The following is a spiked book review from a while ago which this reminded me about. There'll be a long thing on Hadid, Parametricism and such sometime in the autumn, but the basic argument is below, so waste not want not...
That the tallest building in the world, the Burj Khalifa, was completed mere weeks after Dubai's defaults nearly caused a second financial crisis, was towering proof of the Skyscraper Index. This practically failsafe crash-predicting mechanism posits that the tallest building in the world is either erected as boom turns to bust, or finished during a recession. Showing the Emirate's usual keen sense of apocalyptic irony, a supertall residential skyscraper, designed by Switzerland-based tax exile Lord Foster actually called 'The Index', was recently finished in Dubai. Yet these built embodiments of the 2000s' financial hysteria, with their lack of visible means of support, their headiness, weightlessness and essential absurdity, were only the tip of a Titanic-crashing Iceberg of architectural fantasy, something handily and handsomely collected in Will Jones' Unbuilt Masterworks of the 21st Century, a compendium of projects so outrageous that neither Shenzhen oligarch or Ozymandian Sheikh would dare commission them.

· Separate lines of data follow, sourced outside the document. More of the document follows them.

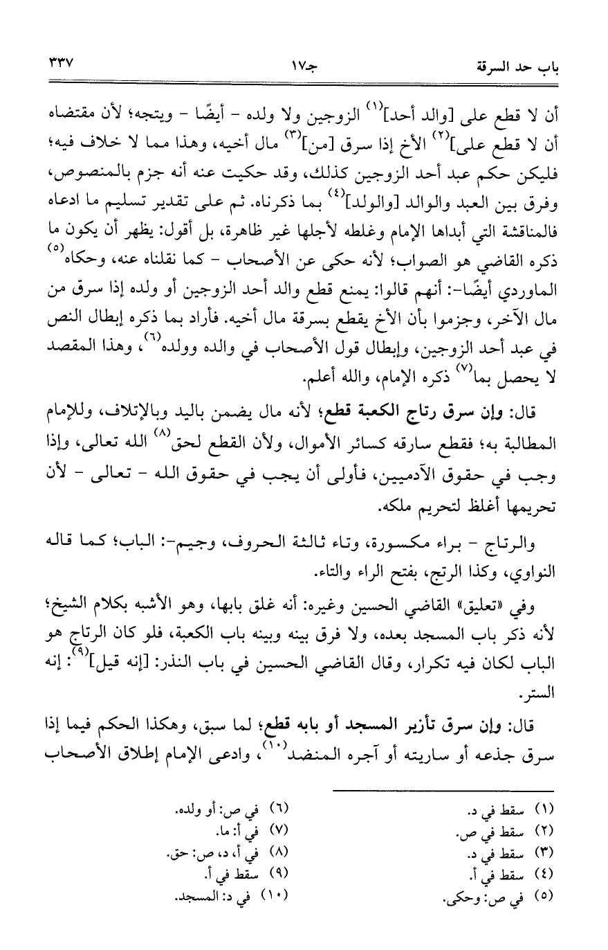 أن لا قطع على [والد أحد] الزوجين ولا ولده – أيضا – ويتجه؛ لأن مقتضاه أن لا قطع على] الأخ إذا سرق [من] مال أخيه، وهذا مما لا خلاف فيه؛ فليكن حكم عبد أحد الزوجين كذلك، وقد حكيت عنه أنه جزم بالمنصوص، وفرق بين العبد والوالد [والولد] بما ذكرناه. ثم على تقدير تسليم ما ادعاه فالمناقشة التي أبداها الإمام وغلطه لأجلها غير ظاهرة، بل أقول: يظهر أن يكون ما ذكره القاضي هو الصواب؛ لأنه حكي عن الأصحاب – كما نقلناه عنه، وحكاه الماوردي أيضا -: أنهم قالوا: يمنع قطع والد أحد الزوجين أو ولده إذا سرق من مال الآخر، وجزموا بأن الأخ يقطع بسرقة مال أخيه. فأراد بما ذكره إبطال النص في عبد أحد الزوجين، وإبطال قول الأصحاب في والده وولده، وهذا المقصد لا يحصل بما ذكره الإمام، والله أعلم.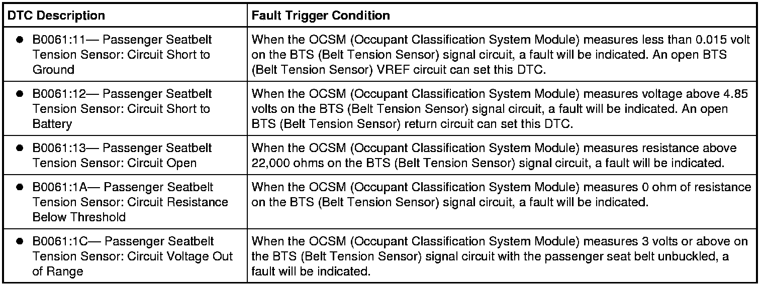 The Occupant Classification System Module (OCSM) monitors the BTS (Belt Tension Sensor) and all circuitry for the following faults: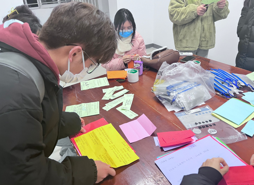 周连峰传达讲解了2024年考研政策调整及注意事项,学院领导还为备战考研的学子送上暖心礼包,同时带来了学弟学妹们写给考研学子的温暖祝福。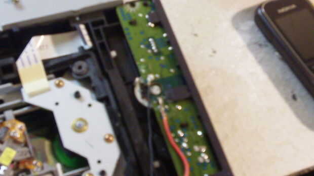 Con el soldador, re derretir las soldaduras e inserte alambre soldadura fundida, uno positivo y uno negativo. Asegúrese de que usted tira cada extremo antes de soldar. También asegúrese de que los cables sean lo suficientemente largos para llegar a exterior de la caja.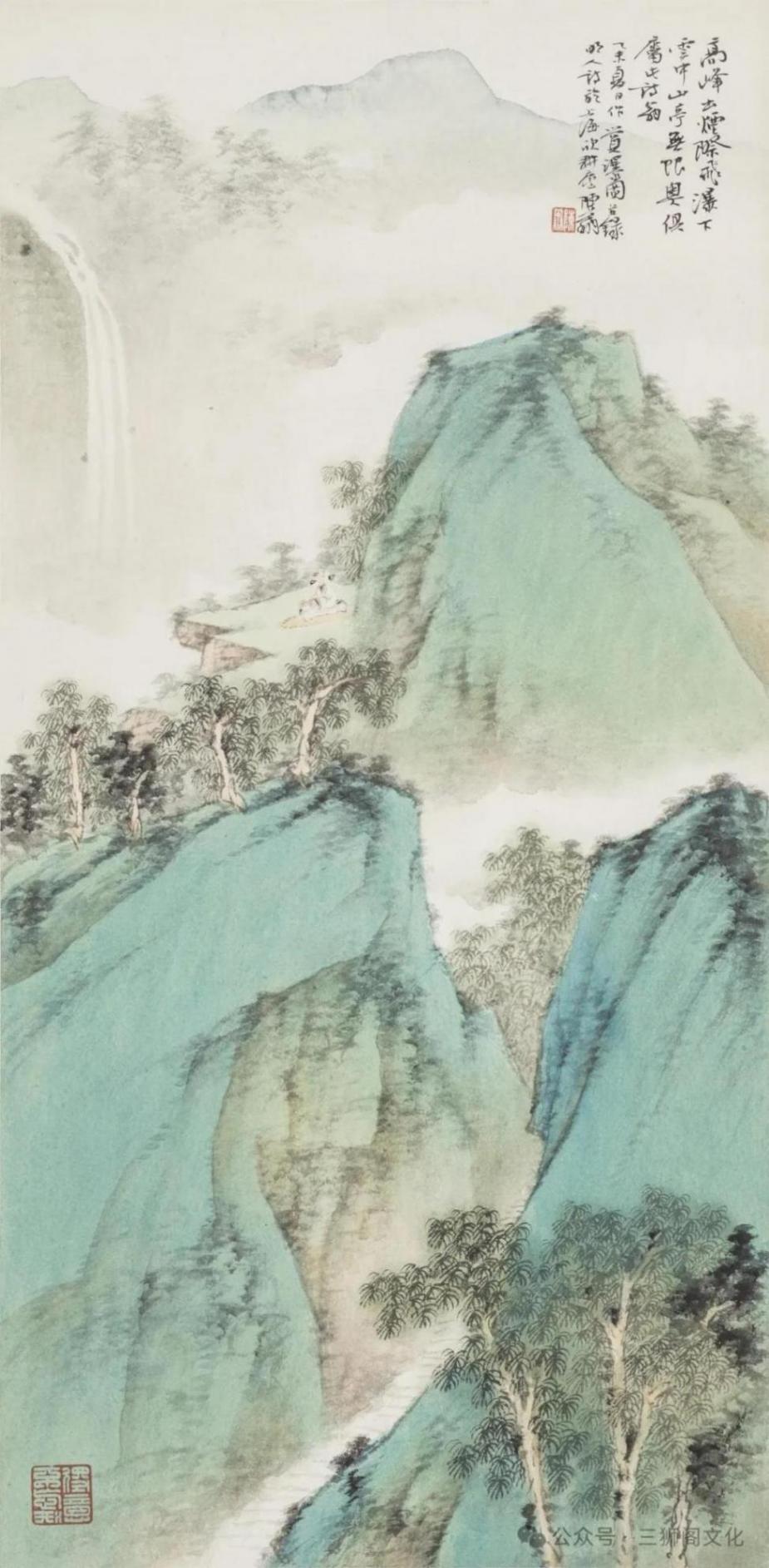 陳翔是上海美術(shù)家協(xié)會(huì)副主席,他的青綠山水,典雅含蓄,筆法簡潔,深得文人畫韻味。《博學(xué)》展出了6件陳翔的山水畫,展現(xiàn)了他的藝術(shù)特征。青綠山水在宋代獲得充分發(fā)展,明清之際,水墨山水成為主流,青綠山水的作者不多。陳翔的青綠山水,沒有被青綠設(shè)色的技法困擾,每一件作品中,都透出“有骨骼”的精神,是當(dāng)今難得的境界。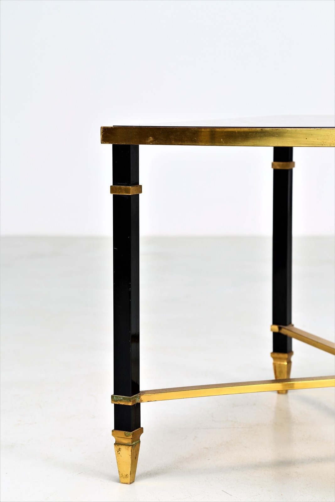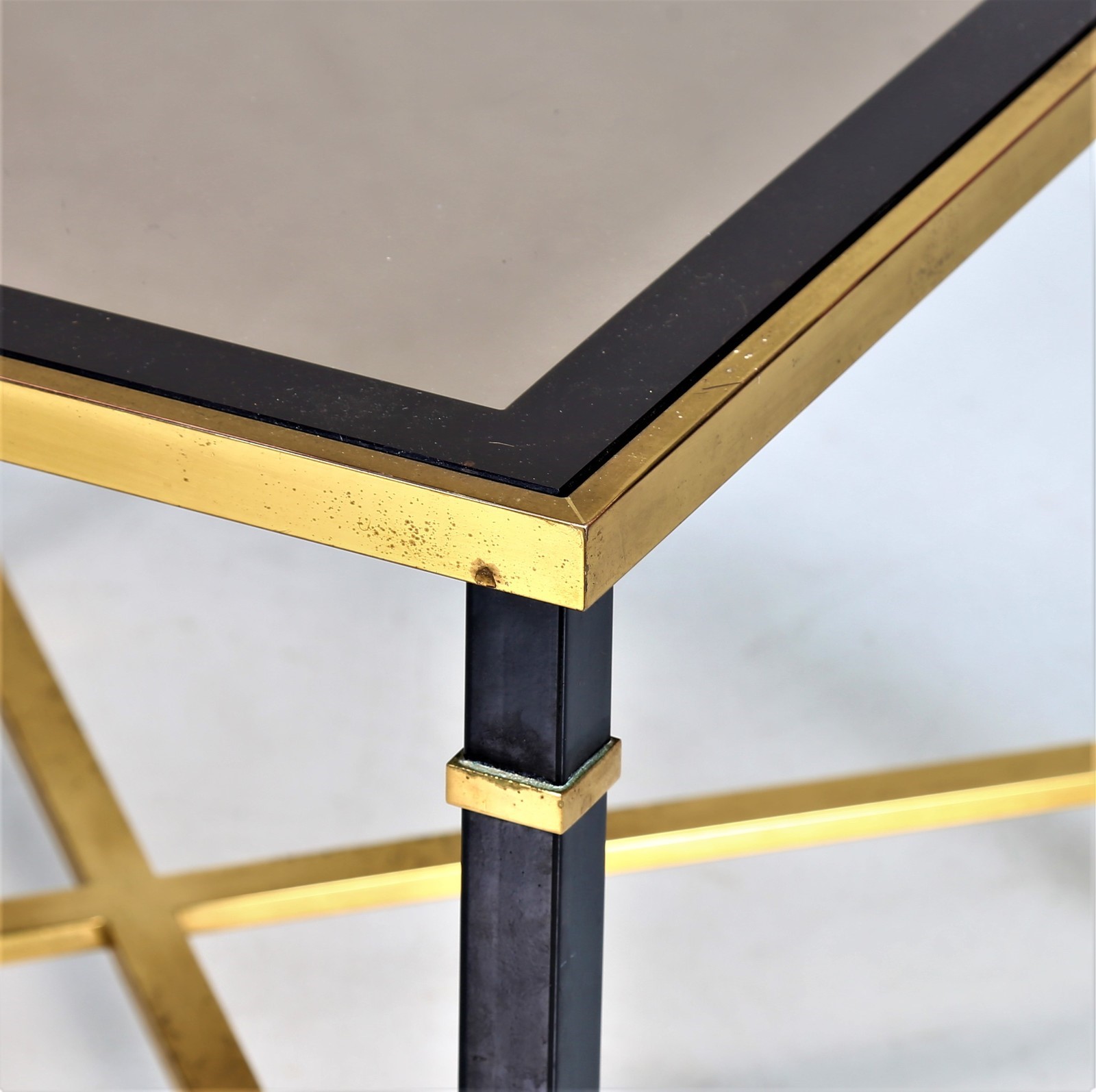 MAISON JANSEN Tavolino in ferro laccato e ottone, piano in cristallo, anni 70...

Such are the places for which these buildings are proposed. Jones notes that these kind of structures are seldom suggested for London, as it is 'strangled by political and heritage organisations', which is an interesting euphemism for 'retains some vestiges of representative democracy'. The first project here, the Arabian Performance Venue by the Anglo-Cantonese firm Aedas (responsible for some astoundingly bland towers in Leeds, Liverpool, Manchester) is typical of these unbuilt masterworks – 'occupying its own island in the middle of a nature reserve' (artificial islands are a persistent feature here), it is a series of glass tendrils crawling, triffid-like, from a platform on stilts, with the desert sun giving the glazing a golden sheen. It's lurid, apocalyptic, ludicrous. The Island fixation has a fairly clear unconscious motivation – easily defended against intruders – and even Britain has its own unbuilt island settlement in the book, financially embarrassed property developers Urban Splash's Birnbeck Island. Jones writes of the various mechanical features in the latter that 'it appears to 'work'', and this is another recurring feature – buildings that seem to be in motion, that seem to do things, which seem to be machines – or lifeforms – in themselves, although this is usually a matter of appearance than reality.

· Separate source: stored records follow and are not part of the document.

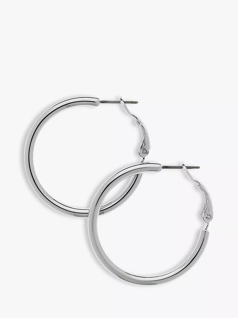 Simple and classic, these hoop earrings are finished in a polished rhodium plating for a brilliant, bright shine. With leverback stud fittings. Supplied in a velvet pouch.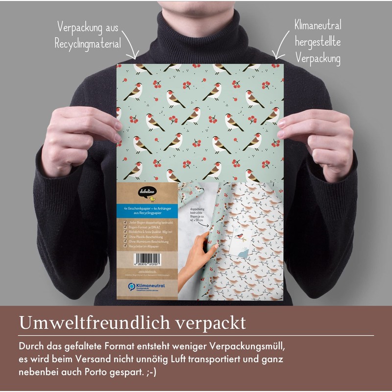 - dabelino Christmas wrapping paper birds/berries: 4 x sheets 4 x pendant set environmentally friendly, sustainable, eco-friendly, modern, elegant, recycled, for adults, birthdays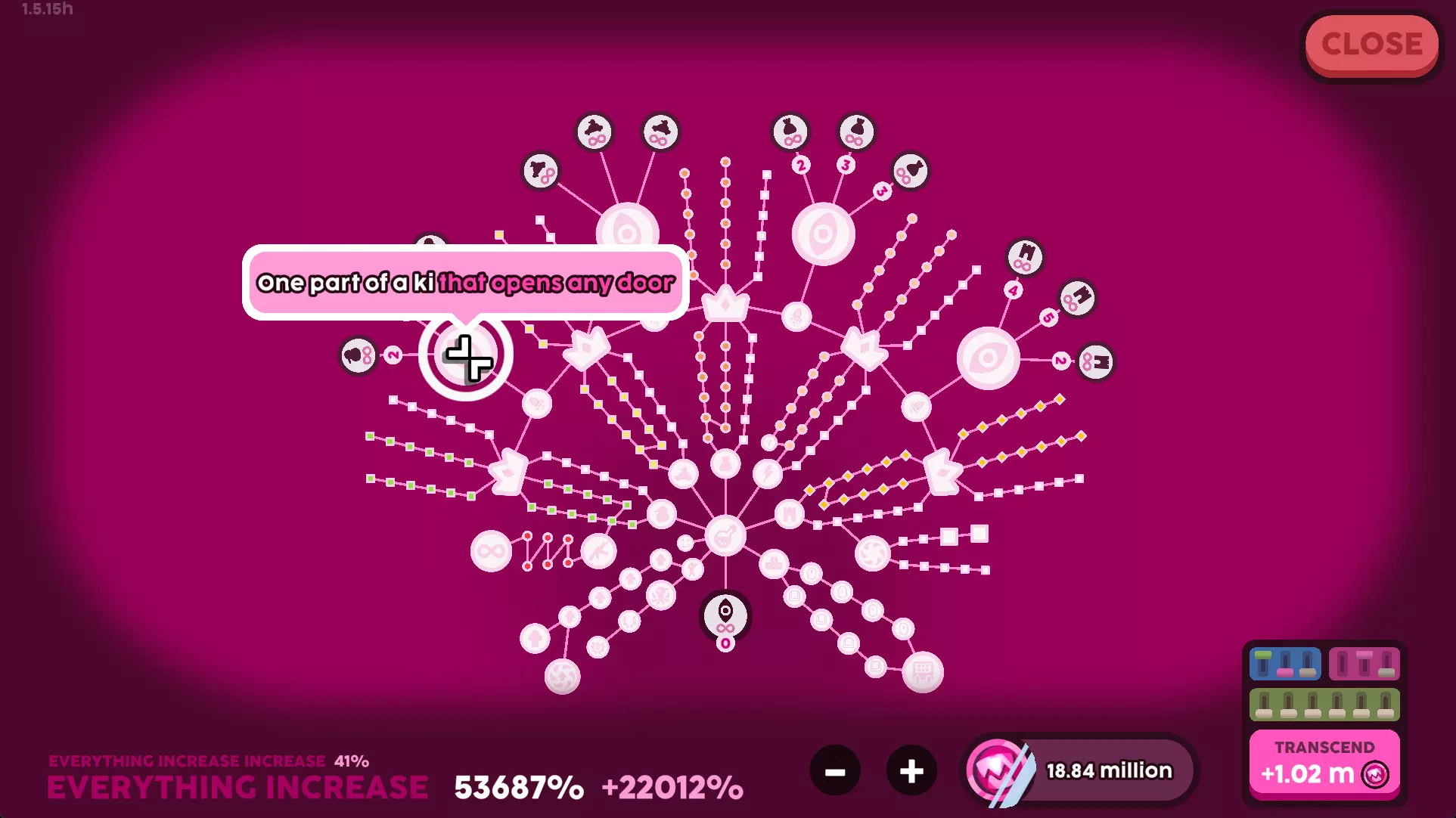 现在这部分我无法确认,但这是基于代码的,因为我不记得了。这只在你当前游戏进程的第一个Ki上有效,后续的Ki不行。一旦你点击第一个Ki并重新校准后,关闭游戏,不要进行其他操作。确保天空不是暗的。 The End of Ki - 1.4 月亮:在超越升级菜单中解锁4个Ki。 之后,你应该能在背景中看到一枚火箭和月亮。点击它。

That's because these are mostly serious proposals, which the architects in question claimed were actually buildable, so these fantasies are circumscribed both by viability and by politics, Here too are glorifications of despotisms that are frequently comic in their sycophancy – take the proposals for a 'Sheikh Zayed Museum', which promises to 'symbolise the centrality of knowledge and ideas and the life and role of Sheikh Zayed'. The indentured helots that would have constructed these edifices (and did construct their more prosaic built cousins) naturally get no such monument. These Unbuilt Masterworks also mark an apotheosis of the architect-as-artist – painterly, indebted to expressionism more than rectilinear Modernism (albeit with little to 'express'), and with function clearly a second or third thought after the biomorphic, writhing form. A fine case in point is Erick van Egeraat's 'Moscow Avant-Garde Towers' – shrill, attention-seeking blocks based on 1920s Constructivist paintings, in a city where actual 1920s Constructivist buildings are left to rot. They require an attention span to be appreciated, and don't contain sufficient lettable floorspace.

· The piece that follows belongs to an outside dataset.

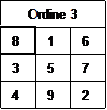 Il quadrato "Lo Shu" è un quadrato magico normale di ordine 3, cioè una matrice di aspetto 3×3 contenente tutti gli interi da 1 a 9 senza ripetizioni disposti in modo tale che sommando i numeri sulle diverse righe, colonne o diagonali si ottenga sempre lo stesso valore, che deve essere (1+2++9)/3 = 15.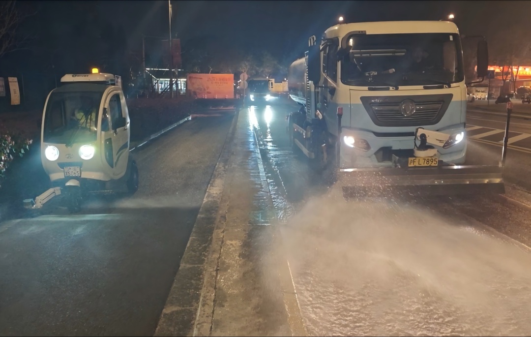 保洁过程中,联动大型机械与小型机械设备协同错峰作业,早上6点之前配置大型冲洗车、洗磨车,利用交通平峰窗口期,对公园周边主次干道实施双向精细化冲洗,完成开园前大面积、高效率的基础保洁覆盖。白天日常保洁阶段,合理安排小型机扫车实行弹性班次作业,重点对周边路边、沿边缝隙等大型机械难以触及的作业盲区进行全覆盖、高频次机扫,精准清除残留垃圾、浮尘,显著提升机械化保洁整体效率,形成“夜间大扫+日间精扫”的接力模式,确保开园前提前保障与开园后实时保障无缝衔接。

As you read the book, glazed-eyed, horrified wonder rapidly turns to boredom, as curvaceous museum interminably follows plant-like skyscraper. Actual ideas are extremely thin on the ground – the only truly memorable non-building is Office for Metropolitan Architecture's 'Hyperbuilding' for Bangkok, a chaotic tower which tries to alleviate congestion by becoming congestion, a bristling embodiment of 'a city on the edge of the tolerable'. It's an exception in its genuinely shocking solution. As a whole, Unbuilt Masterworks is one of the most damning indictments of the last decade – even its fantasies were banal.
4 Comments:
Le Corbusier was an artist. This is not art, not good art anyway.
This should be in there, but made the mistake of getting built.
The ideas are made clear with certain explanation and Aspirational! article makes sense. I have enjoyed your SIT DOWN MAN, YOU'RE A BLOODY TRAGEDY blog almost instantly.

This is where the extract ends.